◆ **Input data**
◆ ◆ ◆ ◆
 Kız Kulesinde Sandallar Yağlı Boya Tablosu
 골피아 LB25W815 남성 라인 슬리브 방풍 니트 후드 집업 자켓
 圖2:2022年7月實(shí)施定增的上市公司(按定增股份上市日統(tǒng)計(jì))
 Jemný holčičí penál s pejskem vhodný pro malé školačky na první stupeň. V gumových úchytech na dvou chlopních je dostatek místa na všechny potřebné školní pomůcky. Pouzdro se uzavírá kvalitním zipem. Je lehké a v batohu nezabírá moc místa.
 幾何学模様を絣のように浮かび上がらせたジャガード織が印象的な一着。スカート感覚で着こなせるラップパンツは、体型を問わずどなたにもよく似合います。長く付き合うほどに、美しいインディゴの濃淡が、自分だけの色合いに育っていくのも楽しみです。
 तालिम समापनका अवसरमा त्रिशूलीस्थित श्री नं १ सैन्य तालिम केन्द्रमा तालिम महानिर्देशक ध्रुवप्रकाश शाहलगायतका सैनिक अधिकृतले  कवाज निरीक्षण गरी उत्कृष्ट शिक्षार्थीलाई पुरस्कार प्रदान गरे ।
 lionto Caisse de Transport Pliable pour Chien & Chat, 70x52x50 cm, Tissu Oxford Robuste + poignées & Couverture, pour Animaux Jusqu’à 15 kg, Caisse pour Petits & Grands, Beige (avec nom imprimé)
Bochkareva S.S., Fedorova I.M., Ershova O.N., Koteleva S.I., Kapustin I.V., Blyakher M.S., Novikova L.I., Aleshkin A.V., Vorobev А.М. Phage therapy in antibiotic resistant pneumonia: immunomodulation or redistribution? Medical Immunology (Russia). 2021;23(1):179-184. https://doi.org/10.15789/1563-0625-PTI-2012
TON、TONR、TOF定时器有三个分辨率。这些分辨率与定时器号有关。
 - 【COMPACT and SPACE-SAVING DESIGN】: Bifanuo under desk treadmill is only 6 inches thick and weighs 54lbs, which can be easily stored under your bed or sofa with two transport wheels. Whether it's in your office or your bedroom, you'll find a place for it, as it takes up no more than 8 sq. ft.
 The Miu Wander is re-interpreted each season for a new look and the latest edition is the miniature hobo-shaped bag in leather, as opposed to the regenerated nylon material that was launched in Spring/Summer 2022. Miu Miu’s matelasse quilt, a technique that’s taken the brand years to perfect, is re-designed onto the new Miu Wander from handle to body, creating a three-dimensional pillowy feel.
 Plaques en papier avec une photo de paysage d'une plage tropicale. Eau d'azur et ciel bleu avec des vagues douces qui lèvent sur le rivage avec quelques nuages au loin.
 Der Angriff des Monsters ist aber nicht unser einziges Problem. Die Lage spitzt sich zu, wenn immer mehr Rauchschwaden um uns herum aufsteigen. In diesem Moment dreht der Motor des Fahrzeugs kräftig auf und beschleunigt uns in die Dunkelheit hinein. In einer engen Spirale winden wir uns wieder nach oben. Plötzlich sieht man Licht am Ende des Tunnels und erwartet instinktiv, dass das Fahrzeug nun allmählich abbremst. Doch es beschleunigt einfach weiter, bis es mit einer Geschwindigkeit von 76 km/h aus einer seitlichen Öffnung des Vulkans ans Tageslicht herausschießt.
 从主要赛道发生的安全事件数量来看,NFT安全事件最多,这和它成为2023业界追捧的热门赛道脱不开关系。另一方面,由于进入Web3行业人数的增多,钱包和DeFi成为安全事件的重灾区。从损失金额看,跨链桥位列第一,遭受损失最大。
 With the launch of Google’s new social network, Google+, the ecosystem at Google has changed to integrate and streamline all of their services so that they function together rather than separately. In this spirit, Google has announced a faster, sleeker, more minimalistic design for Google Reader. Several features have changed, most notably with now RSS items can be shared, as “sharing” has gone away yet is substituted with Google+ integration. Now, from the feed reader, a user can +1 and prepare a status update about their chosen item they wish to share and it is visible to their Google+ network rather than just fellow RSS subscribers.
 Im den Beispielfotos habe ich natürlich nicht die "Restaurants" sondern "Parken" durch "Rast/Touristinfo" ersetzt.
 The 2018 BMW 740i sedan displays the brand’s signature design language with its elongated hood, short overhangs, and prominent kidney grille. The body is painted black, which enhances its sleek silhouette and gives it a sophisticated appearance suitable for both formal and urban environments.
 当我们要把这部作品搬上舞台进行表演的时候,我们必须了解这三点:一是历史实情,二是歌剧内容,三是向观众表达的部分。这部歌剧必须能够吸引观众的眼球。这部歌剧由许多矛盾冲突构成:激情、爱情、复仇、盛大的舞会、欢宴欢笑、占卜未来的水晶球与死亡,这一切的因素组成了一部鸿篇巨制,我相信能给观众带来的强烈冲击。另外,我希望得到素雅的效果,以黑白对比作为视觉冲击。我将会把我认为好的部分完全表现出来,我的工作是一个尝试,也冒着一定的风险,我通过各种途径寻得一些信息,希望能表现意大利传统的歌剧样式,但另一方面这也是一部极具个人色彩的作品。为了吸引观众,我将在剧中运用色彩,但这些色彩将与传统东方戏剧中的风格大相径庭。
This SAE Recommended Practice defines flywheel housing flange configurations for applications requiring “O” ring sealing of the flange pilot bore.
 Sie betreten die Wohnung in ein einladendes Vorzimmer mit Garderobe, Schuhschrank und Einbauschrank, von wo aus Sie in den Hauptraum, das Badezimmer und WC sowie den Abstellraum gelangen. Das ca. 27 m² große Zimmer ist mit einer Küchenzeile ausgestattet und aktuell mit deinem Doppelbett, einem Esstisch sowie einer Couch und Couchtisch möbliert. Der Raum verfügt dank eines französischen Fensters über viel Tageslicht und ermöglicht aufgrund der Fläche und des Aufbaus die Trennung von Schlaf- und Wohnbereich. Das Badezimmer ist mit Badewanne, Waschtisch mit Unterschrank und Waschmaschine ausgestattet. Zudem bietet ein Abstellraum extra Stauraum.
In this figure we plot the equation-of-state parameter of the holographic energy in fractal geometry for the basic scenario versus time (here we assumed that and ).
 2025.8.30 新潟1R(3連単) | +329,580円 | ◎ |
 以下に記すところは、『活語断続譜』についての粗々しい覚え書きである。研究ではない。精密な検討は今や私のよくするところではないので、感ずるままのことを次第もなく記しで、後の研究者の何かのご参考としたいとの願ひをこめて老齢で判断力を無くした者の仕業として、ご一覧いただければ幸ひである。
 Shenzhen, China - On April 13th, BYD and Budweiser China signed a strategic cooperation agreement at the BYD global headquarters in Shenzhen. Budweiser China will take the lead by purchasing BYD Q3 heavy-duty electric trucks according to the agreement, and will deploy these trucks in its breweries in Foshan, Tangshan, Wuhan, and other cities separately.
◆ ◆ ◆ ◆
◆ **Work to complete**
All that belongs in the answer is an exact copy of the lines from the start of the records above through the line with "तालिम समापनका अवसरमा".

◆ **Solution**
 Kız Kulesinde Sandallar Yağlı Boya Tablosu
 골피아 LB25W815 남성 라인 슬리브 방풍 니트 후드 집업 자켓
 圖2:2022年7月實(shí)施定增的上市公司(按定增股份上市日統(tǒng)計(jì))
 Jemný holčičí penál s pejskem vhodný pro malé školačky na první stupeň. V gumových úchytech na dvou chlopních je dostatek místa na všechny potřebné školní pomůcky. Pouzdro se uzavírá kvalitním zipem. Je lehké a v batohu nezabírá moc místa.
 幾何学模様を絣のように浮かび上がらせたジャガード織が印象的な一着。スカート感覚で着こなせるラップパンツは、体型を問わずどなたにもよく似合います。長く付き合うほどに、美しいインディゴの濃淡が、自分だけの色合いに育っていくのも楽しみです。
 तालिम समापनका अवसरमा त्रिशूलीस्थित श्री नं १ सैन्य तालिम केन्द्रमा तालिम महानिर्देशक ध्रुवप्रकाश शाहलगायतका सैनिक अधिकृतले  कवाज निरीक्षण गरी उत्कृष्ट शिक्षार्थीलाई पुरस्कार प्रदान गरे ।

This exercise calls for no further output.